Let's dispel an art myth or two with a real world example.
The image above took me a week of sporadic labor to complete. When I say sporadic I mean that I didn't spend every minute of that week working on it because I had to eat, sleep, and commute to the studio to work on it in the first place. But sporadic also means that everything from reading to socializing took a back seat to hours of leaning over a drafting desk in a stuffy studio. Eye strain trumped seeing live music, hiking, and communicating with my family.
There is nothing glamorous about being an obsessive recluse. The world passes you by while you dole out your life creating encasements of single moments that few people will see and fewer will care about. Art making is pathological. It scorns reason and dictates to you how your life will be parceled out.
When the drawing was finished it needed to be documented. This necessitated a roll of slide film ($13.99) that would net three usable shots of the work, one of the entire composition and two detail images, when it was developed ($6.55). Luckily, I have the equipment and where-with-all to take my own slides, otherwise I'd have to pay a professional photographer (insert whatever incomprehensible hourly fee you like for that service). I'll go ahead and account for the materials cost of making the image in the first place (approx. $20.00, which includes the paper, photocopies, graphite pencils, gesso, tea, and pastel) before I get ahead of myself.
As the art world is currently indecisive about whether it prefers the expensive exactitude of slides or the duplicitous convenience of digital images I then had to have my three good slides scanned as high resolution digital image files ($6.00 per image for a total of $18.00).
So far I've racked up $58.54. That's the cost before framing the image (approx. $300) and without paying a professional photographer.
Now, let me open the whole in the bucket a bit wider. At a certain point I decided that this image should be part of my submission to New American Paintings' annual Northwest competition (application fee of $35.00). New American Paintings claims that they'll soon be capable of processing digital submissions but, until then, I have to submit slides. As you should never send your original slides anywhere other than a hermetically sealed box in a climate controlled closet, duplicates must be made for any submission ($9.00).
The application and slides are mailed ($1.85 in stamps and another $1.00 for the mailer). Then the spending ends and I wait. I'll neurotically check the mailbox for the next two months. Based on my past track record of accepted submissions over a two year period I have a 30% chance of success.
If you're not keeping track of the arithmetic I've spent a total of $105.39 on this drawing ($405.39 where I to frame it). You can figure out how much I'd need to charge if I wanted to recoup this amount and get paid $7.80 an hour (Oregon's minimum wage at the time, the same wage I'd get for manning a drive-thru window) for the roughly 40 hours it took to make. Even where I able to sell the drawing there's not much potential for making a fortune with these numbers. And with only a 30% chance of having it appear in New American Paintings its unlikely that fame will come a knockin' either (not that fame tends to slavishly follow each issue of New American Paintings).
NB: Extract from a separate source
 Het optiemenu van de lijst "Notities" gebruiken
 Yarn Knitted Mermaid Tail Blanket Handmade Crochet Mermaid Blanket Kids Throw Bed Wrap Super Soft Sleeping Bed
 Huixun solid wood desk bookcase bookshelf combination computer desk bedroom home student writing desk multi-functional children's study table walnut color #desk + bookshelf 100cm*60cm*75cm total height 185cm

I won't go so far as to say that art world fame and fortune are total cultural fallacies but I would caution any aspiring artist to avoid factoring them into their reasons for a creative life. Your drive to create has to be ineradicable— an inescapable compulsion to stamp some meaning on to your mortality.
1 comment:
This post was a really interesting look into how a piece of art comes into being.
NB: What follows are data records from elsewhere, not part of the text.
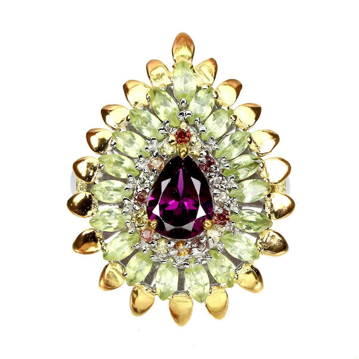 925 STERLING SILVER;PLATE-2-TONE WHITE & YELLOW 14K GOLD;RING SIZE/resizeable - 8;MAIN STONE-RHODOLITE GARNET;OTHER GEMS-PERIDOT, SAPPHIRE DIAMOND CUT;TOTAL WEIGHT-6.73 GRAM (TOTAL WEIGHT OF SILVER + STONE)DIMENSION-* STONE 1.0 TO 8.0 X 6.0 MM.* RING SIZE- 8.0;* FACE RING- 27.0 X 21.0 MM.;MAIN STONE SHAPE-PEAR CUT;MAIN STONE COLOR-PINK RASPBERRY;CLARITY/GRADE-IF;TREATMENT-UNHEATED;ORIGIN-AFRICA;HARDNESS-7.0 - 7.5;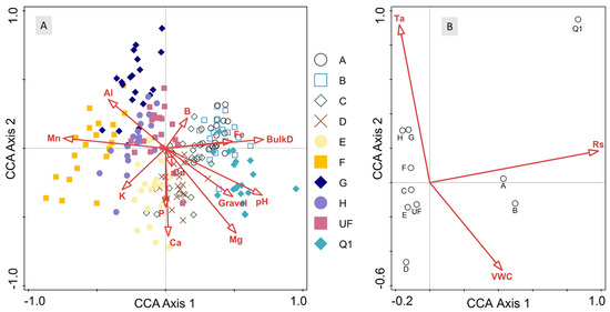 The CCA, using soil characteristics as environmental predictors, was conducted at the quadrat level (n = 200 quadrats); this would not have been possible at the plot level with the number of explanatory variables (soil physical: four, soil chemical: 12) exceeding the number of plots (n = 10). Initially, highly autocorrelated environmental variables were eliminated; i.e., of the three particle size distribution variables gravel, sand, silt/clay, only gravel was retained. All variables retained had a Variance Inflation Factor (VIF) less than 6. Then, statistically significant (p ≤ 0.05) explanatory variables were selected via forward selection; in this process, Zn and Na were found to be not significant and were eliminated from the analysis.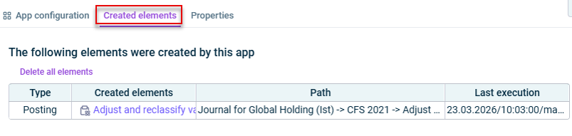On the Created elements tab, the postings that were created during the app execution are shown.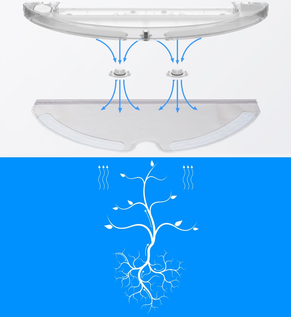 Подобно дереву, впитывающему влагу из почвы, степень увлажнения микрофибры пропорциональна ее расходу на вытираемые полы. Если листья не испаряют влагу, то дерево впитывает ее меньше из земли. Такие же процессы происходят в технологичном роботе-пылесосе Xiaomi Mi RoboRock Sweep One Vacuum.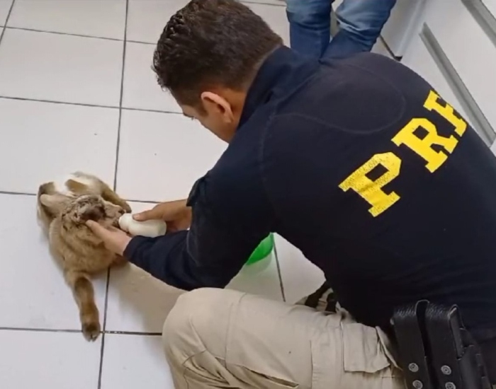O cabrito ainda tinha o cordão umbilical, estava tão fraco que nem conseguia andar, mas não tinha ferimentos aparentes. Os PRFs compraram leite e uma mamadeira para alimentá-lo e, em seguida, o animal começou a reagir.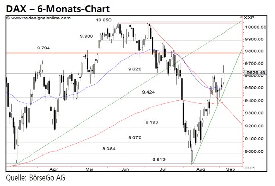 Rückblick: Nach einem starken Einbruch im Juli vollzog der DAX Index Anfang August an der Unterstützung bei 8.913 Punkten eine Trendwende und befindet sich seither in einer dynamischen Erholung.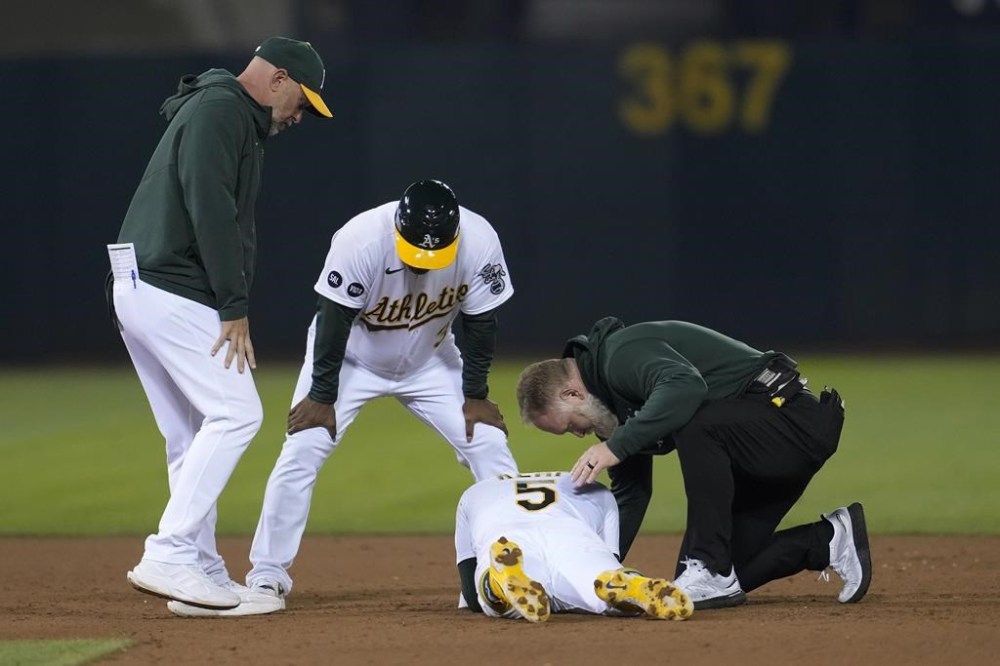 Athletics: Kemp was removed from the game and diagnosed with a right ankle sprain. … OF J.J. Bleday (knee) began a rehab assignment with Triple-A Las Vegas.

Your advice at the end about not waiting for fame and fortune brought back to mind similar advice I heard once on Inside the Actor's Studio. I think it's true that art, in all its forms, is best when made for its own sake.
While I'm not trying to be facetious, as I read this post I couldn't help but think that if you had replaced 'art' with music or sports or fishing or gardening that you would simply be describing a hobby. Yet most people don't associate hobbies with being activities that "stamp meaning onto their mortality." I'm wondering what, for you, separates making art from being a hobby and being an activity that instills meaning in one's life. Where do you draw the distinction between the two? Or, even if you're willing to call art a hobby, do you think the significance it brings to the artist's existence is less if not recognized publicly? How is the meaning stamped exactly?
Kind of a big topic for the comment section, but I look forward to reading your thoughts on the subject either here or maybe in a future post.
You're blog is fun. I never know whether to have crayons on hand when I read it or wear a black turtleneck!